ASA 5550 – Reboot Worthwhile

cisco-asa

I've got an ASA 5550 that is performing loads and loads of operations (AnyConnect, NAT, ACL, RADIUS, etc, etc). It isn't particularly overloaded in terms of CPU & Memory, but it has an uptime of over 3.5 years.

Lately I have been attempting to deploy another IPSEC tunnel (via cryptomap) along with a NAT Exempt rule, but the ASA is exhibiting very strange behaviour. Sometimes when I add ACE's a mass of text pops up from nowhere in the description field. No matter what I do, my tests with the on-box PacketTracer tool do not yield the results I expect (for example – I see the packet hitting the Any/Any rule at the bottom of the ACL, even though there is a specifically configured ACE at the top of said ACL).

Anyway, the question is this: Has anyone ever actually solved anything by rebooting an ASA? It isn't my favourite option, but with the very strange behaviours I am seeing troubleshooting is becoming fruitless.

Best Answer

Short answer: Yes.

Longer answer: :-) There are bugs in every piece of software.
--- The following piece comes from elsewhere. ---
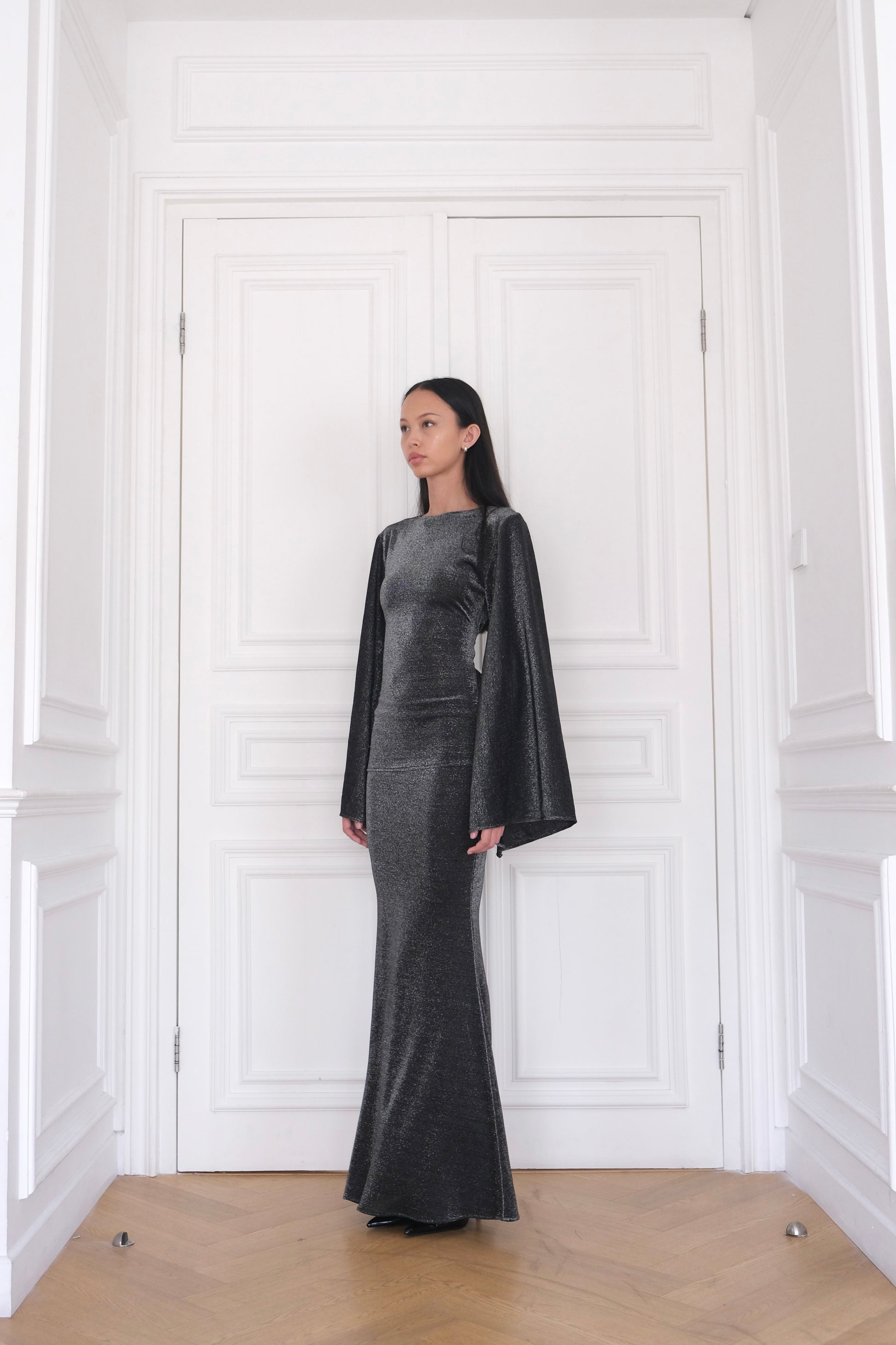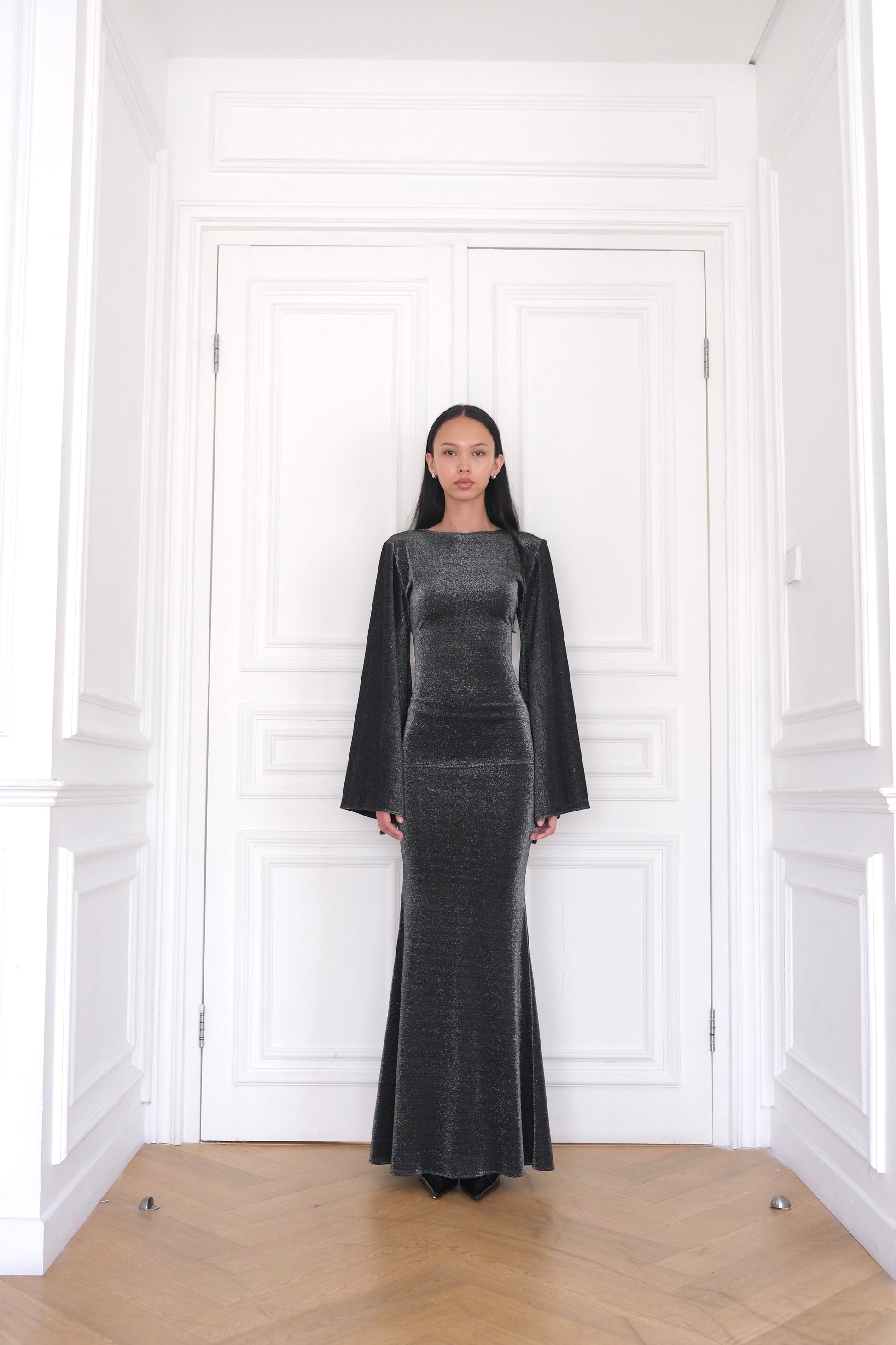 A shimmery black two-piece coordinated set features tie details at the back to create a sculpted shape that can be attached or left unattached for a loose-fitting look. From the signature silhouette of our popular Toffee Set. The top features slits on the inner side of the sleeves.

The longer it runs, the more likely one is going to setup shop in your network. But more to the point, the longer it's gone without a reboot, the more little bits of "old" configuration and/or status will be left lingering. In IOS, no interface foo will emit a warning that it's not completely destroyed and configuration elements may reappear if you recreate the interface -- shouldn't happen in an ASA but in rare cases, it does. I've also seen phantom NAT entries after deleting them from the config. (that one actually is a bug)

When dealing with IPSec/crypto, I've found a whole lot of crazy can be cleared up by a reload. In one case (pix 6.3.5) it wouldn't re-establish a VPN tunnel until I did.

[edit] A word on reboots in general: I tend to reboot things just to make sure they will. All too often I've had various systems (routers, firewalls, servers) running for extended periods -- constantly being modified, and when something ends up restarting them (usually a power outage, but "oops, wrong machine" happens too) they rarely come back up exactly as they were before... someone forgot to make X start at boot, or some odd interaction of parts makes something not startup as expected. I admit, it's less of a concern for more static parts of one's infrastructure.